- What is being asked -
From the listing below, reproduce exactly the lines starting with the one with "ইন্দোনেশিয়ার বেসরকারি সংবাদমাধ্যম" and going on through the one with "Фермер сажает рассаду", both ends kept. No picture is copied.

- Supplied data -
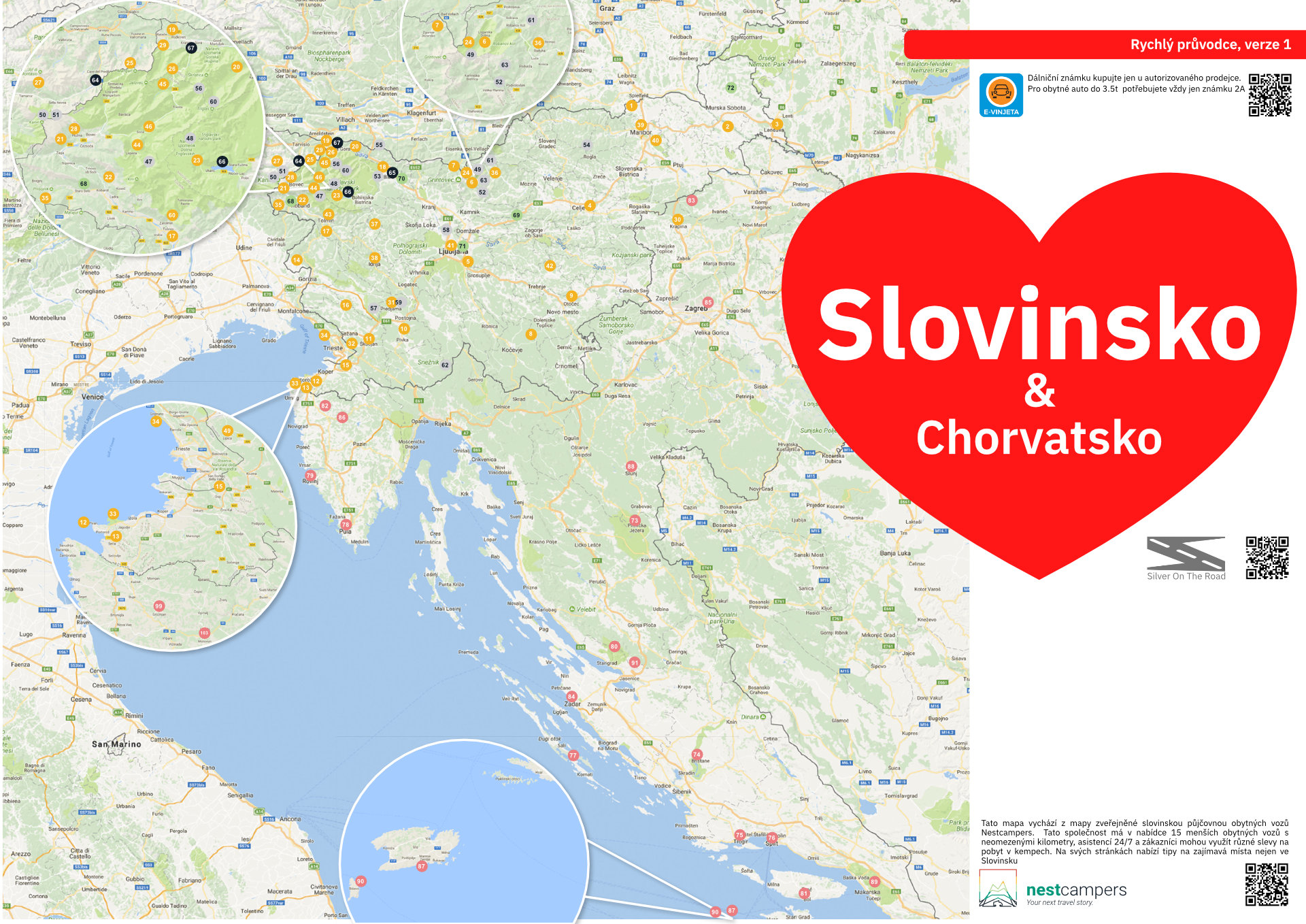 Vybrané body vychází z mapky, kterou pro své klienty připravila slovinská půjčovna nestcampers. Ta má v nabídce patnáctku menších obytných vozů, zejména menší dodávky se spací vestavbou a soustředí se především na zájemce o cestování po Slovinsku, případně Chorvatsku. Těm nabízí nejen zmíněnou mapu zajímavých míst, ale i možnost uplatnit nějaké slevy při ubytování v kempech či návštěvě turistických atrakcí.
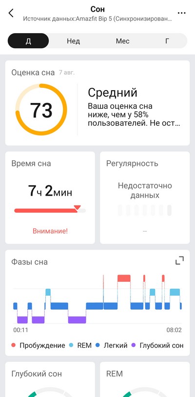 Мониторинг сна - хорошо, измерялся достаточно точно. Очень редко часы могли не зафиксировать продолжение сна после кратковременного просыпания, но такое бывает у всех часов. И эти часы нормально определяли дневной сон и записывали его данные отдельно, что вообще мало кто делает (те же часы Samsung Galaxy Watch такое не умеют, они максимум могут приплюсовать дневной сон к ночному).
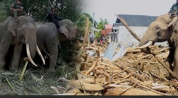 ইন্দোনেশিয়ার বেসরকারি সংবাদমাধ্যম কমপাস টেলিভিশনের প্রতিবেদনে বলা হয়েছে, দেশটির প্রাকৃতিক সম্পদ সংরক্ষণ সংস্থা (বিকেএসডিএ) আচেহ প্রদেশের উত্তর-পশ্চিমাঞ্চলীয় এলাকা সুমাত্রা দ্বীপে চারটি হাতি পাঠিয়েছে। মূলত ওই অঞ্চলে বন্যার কারণে চলাচলের রাস্তা সম্পূর্ণ বন্ধ হয়ে যাওয়ায় এবং ভারী যন্ত্রাংশগুলো মাটিতে চাপা পড়ায় হাতিগুলোকে কাজে লাগানো হচ্ছে।
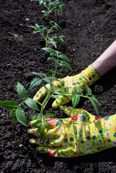 Фермер сажает рассаду помидоров в органическом саду. Высадка молодого растения в грядку
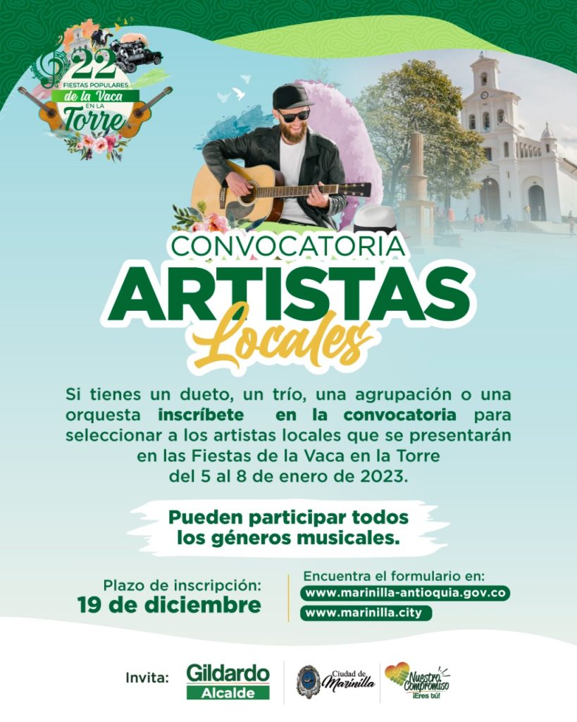 Una nueva convocatoria con la que se seleccionarán a los artistas locales que participarán de las Fiestas de la Vaca en la Torre 2023, fue lanzada por la Administración Municipal de Marinilla y estará vigente solo hasta el 19 de diciembre.

- Final answer -
 ইন্দোনেশিয়ার বেসরকারি সংবাদমাধ্যম কমপাস টেলিভিশনের প্রতিবেদনে বলা হয়েছে, দেশটির প্রাকৃতিক সম্পদ সংরক্ষণ সংস্থা (বিকেএসডিএ) আচেহ প্রদেশের উত্তর-পশ্চিমাঞ্চলীয় এলাকা সুমাত্রা দ্বীপে চারটি হাতি পাঠিয়েছে। মূলত ওই অঞ্চলে বন্যার কারণে চলাচলের রাস্তা সম্পূর্ণ বন্ধ হয়ে যাওয়ায় এবং ভারী যন্ত্রাংশগুলো মাটিতে চাপা পড়ায় হাতিগুলোকে কাজে লাগানো হচ্ছে।
 Фермер сажает рассаду помидоров в органическом саду. Высадка молодого растения в грядку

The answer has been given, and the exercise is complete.